In the primary analysis period of 180 days, the composite endpoint of VTE or VTE-related death occurred in 5.95% of the rivaroxaban-treated group and 8.79% of the placebo group (hazard ratio, 0.66; 95% confidence interval, 0.40-1.09; P = .101). However, a total of 177 patients (43.7%) stopped rivaroxaban earlier than 180 days, and likewise, 203 patients (50.2%) stopped placebo early.

In a prespecified secondary analysis looking just at the period of time when patients were actually taking rivaroxaban or placebo, rivaroxaban did significantly reduce risk of VTE or VTE-related death, Dr. Khorana said. The composite endpoint occurred in 2.62% of the rivaroxaban patients and 6.41% of placebo patients in that on-treatment analysis (HR, 0.40; 95% CI, 0.20-0.80; P = .007).

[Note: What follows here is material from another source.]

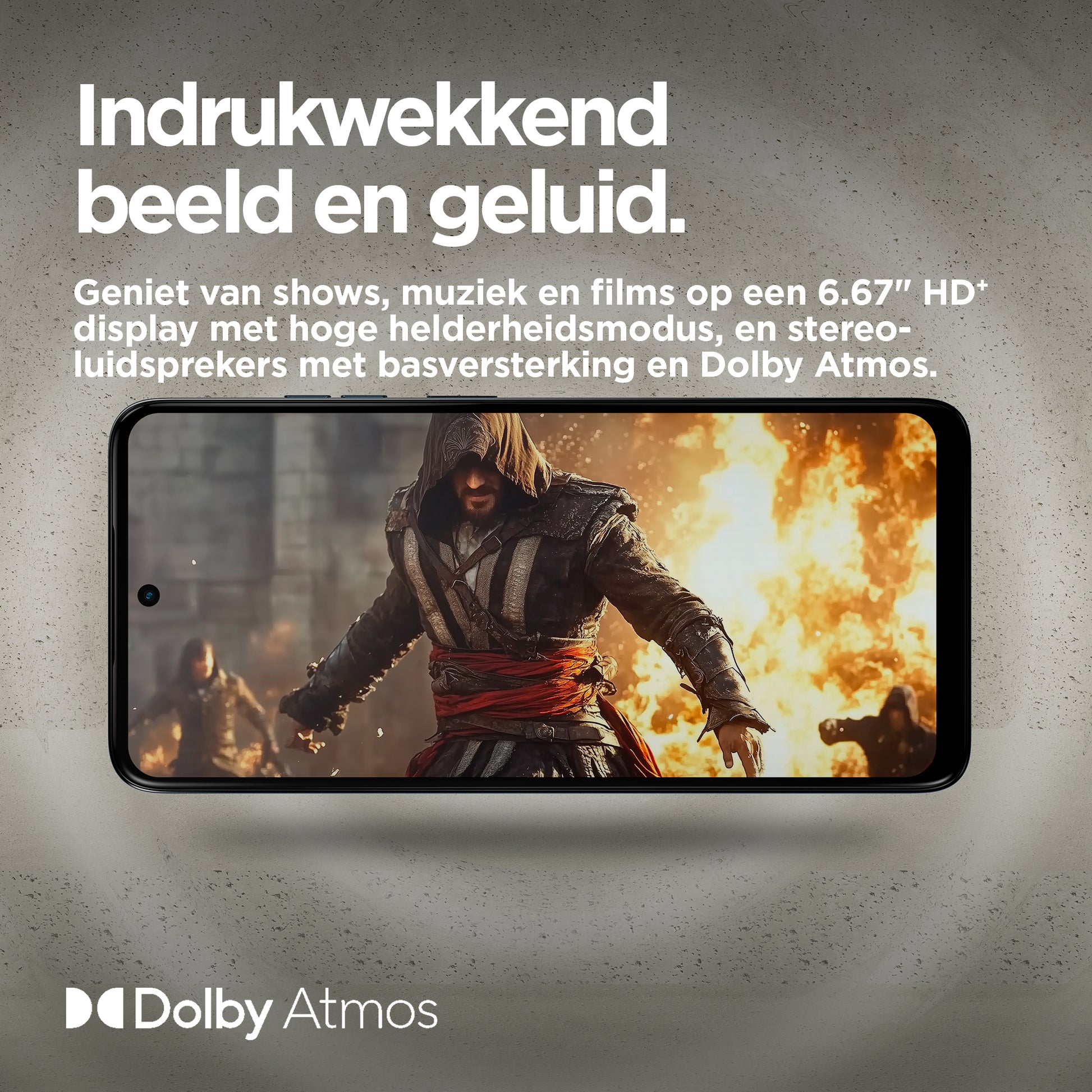 Geniet van helder entertainment met de nieuwe moto e15. Kijk je favoriete series en films op een superhelder 6,67-inch display van 90 Hz(8), zelfs buiten in het zonlicht. En luister naar geluid overal om je heen dankzij krachtige stereoluidsprekers met Basversterking. Maak dag en nacht prachtig scherpe foto's met de Quad Pixel-camera van 32 MP(2) met AI. Trap het gaspedaal in met meer snelheid en efficiëntie en maximaal 6 GB(5) beschikbaar RAM met RAM-boost(4). Met een afwerking van vegan leer, een waterafstotend design(3) en Corning® Gorilla® Glass 3 gaat de stijlvolle moto e15 lang mee. En ga langer door met wat je leuk vindt dankzij een accu van 5200 mAh die lang meegaat en TurboPower™ opladen. Maak elke dag helder met de moto e15.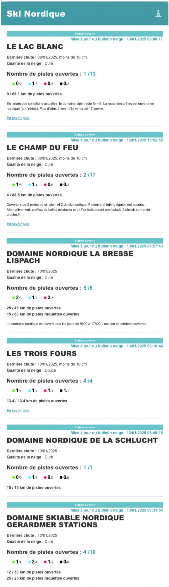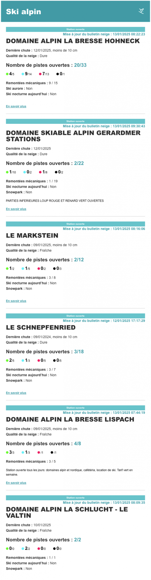 Ce bulletin d'enneigement du Massif des Vosges est élaboré à partir des informations issues des Systèmes d'Information Touristique Alsace, Lorraine et Franche-comté, fournies quotidiennement par les exploitants des stations et les Offices de Tourisme.

Rates of major bleeding and clinically relevant nonmajor bleeding were not significantly different between groups, according to results of a safety analysis. Major bleeding occurred in eight rivaroxaban patients and four placebo patients, or 1.98% and 0.99%, respectively (P = .265).

CASSINI was sponsored by Bayer and Janssen. Dr. Khorana reported disclosures related to Janssen, Bayer, PAREXEL, Sanofi, Pfizer, TriSalus Life Sciences, Halozyme, Seattle Genetics, AngioDynamics, and others.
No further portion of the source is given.